Background technique

Orthogonal Frequency Division Multiplexing (OFDM, Orthogonal Frequency Division Multiple) technology has become the core technology of the new generation of wireless communication due to its high spectrum utilization rate, good anti-multipath fading and anti-interference performance. One of the main disadvantages of the OFDM system is that the ratio of signal peak power to average power (PAPR, Peak-to-average PowerRatio) is relatively high. Here PAPR is expressed as: Among them, x _n represents the output signal obtained after the IFFT operation, max{·} represents the maximum value, and E{·} represents the average value. However, when the high-peak signal enters the saturation region of the power amplifier at the transmitting end of the system, it will generate large in-band distortion and out-of-band radiation, causing signal distortion and adjacent-band interference, resulting in system performance degradation. In order to transmit OFDM signals without distortion, the transmitter is required to have a large linear range, which increases the cost of system design and limits the wide application of OFDM technology.

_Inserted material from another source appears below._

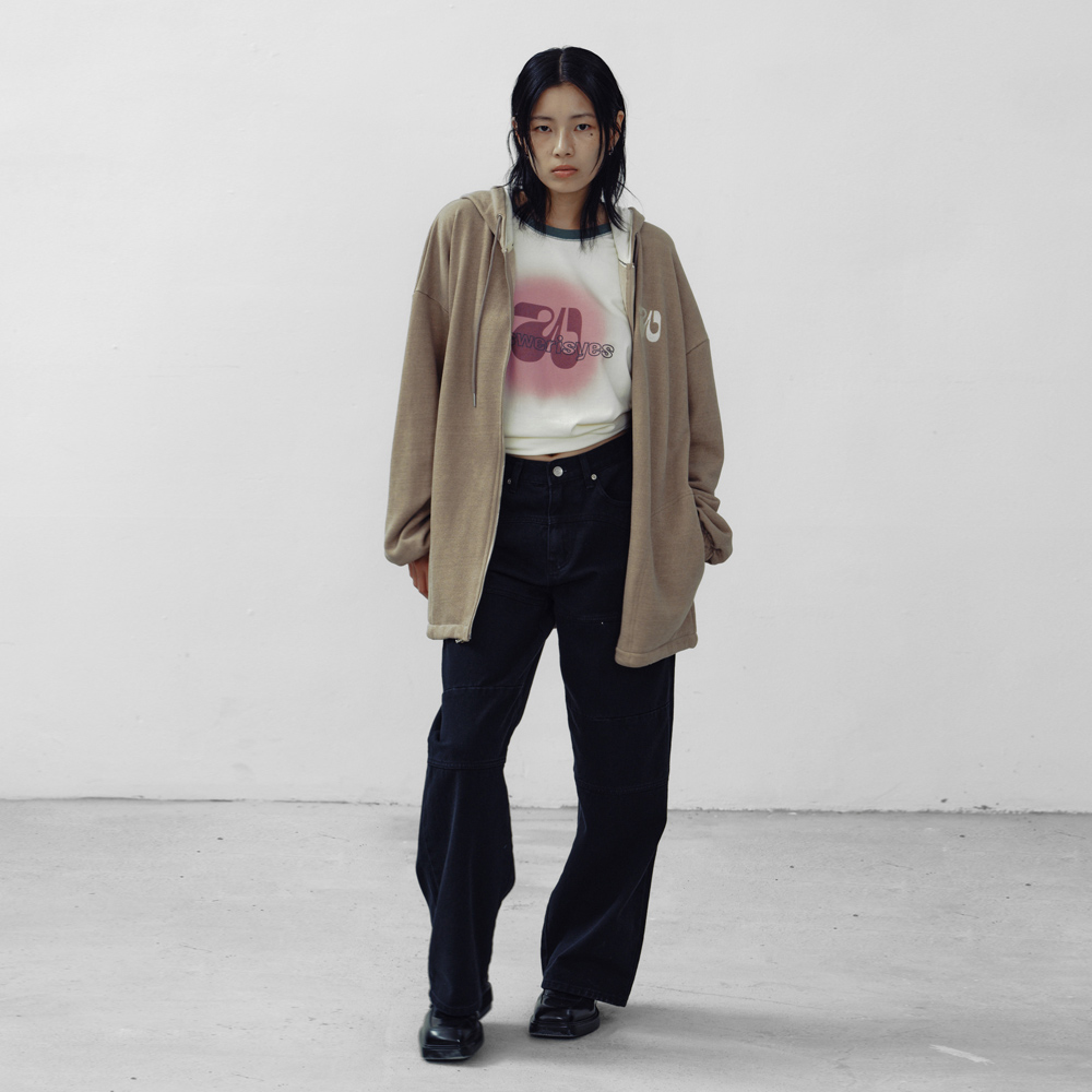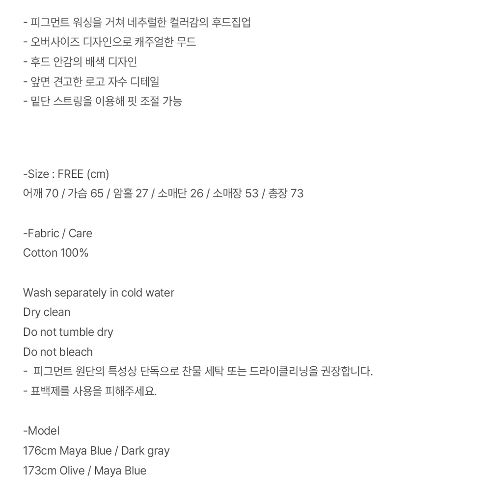 피그먼트 워싱을 거쳐 네추럴한 컬러감의 후드집업 오버사이즈 디자인으로 캐주얼한 무드 후드 안감의 배색 디자인 앞면 견고한 로고 자수 디테일 밑단 스트링을 이용해 핏 조절 가능

Partial Transmit Sequence (PTS, Partial Transmit Sequence) is a common method to reduce the PAPR of OFDM signals. It uses multiple sequences to represent the transmission of the same set of information to reduce the probability of high-power signals. The method description can refer to Literature: Muller.SH, Huber.JB, A novel peak power reduction scheme for OFDM. The 8th IEEE International Symposium on Personal, Indoor and Mobile Radio Communications, 1997, 1090-1094. Specifically: divide the N subcarriers into V groups according to a certain grouping method, perform IFFT operation on each group to obtain x _v =IFFT{X _V }, multiply different phase factors b _v , and then multiply each Group signal superposition, by selecting different phase factors {b _v , v=1, 2, ..., V} combination to obtain multiple candidate signals Finally, the signal with the smallest PAPR is selected for transmission. Here the phase factor b _v is a complex factor with an absolute value of 1, φ _v ∈ [0, 2π], theoretically speaking, the phase φ _v of b _v is generally selected from P phase factor values, without loss of generality, usually the phase factor of the first group is fixed to 1, then the PTS generated The number of candidate signals U=P ^V-1 . Usually the phase factor b _v is selected from {+1, -1, +j, -j} or {+1, -1}, representing the phase rotation of the signal. The specific working principle is shown in Figure 1, and the specific process is shown in Figure 2.

But its disadvantage is that the complexity of the algorithm increases exponentially with the increase of the number of groups and phase rotation factors. For the OFDM system, the calculation complexity is relatively high, and the system burden is relatively large.

Contents of the invention

The object of the present invention is to propose a partial transmission sequence method in order to solve the problem of high complexity of the existing PTS method.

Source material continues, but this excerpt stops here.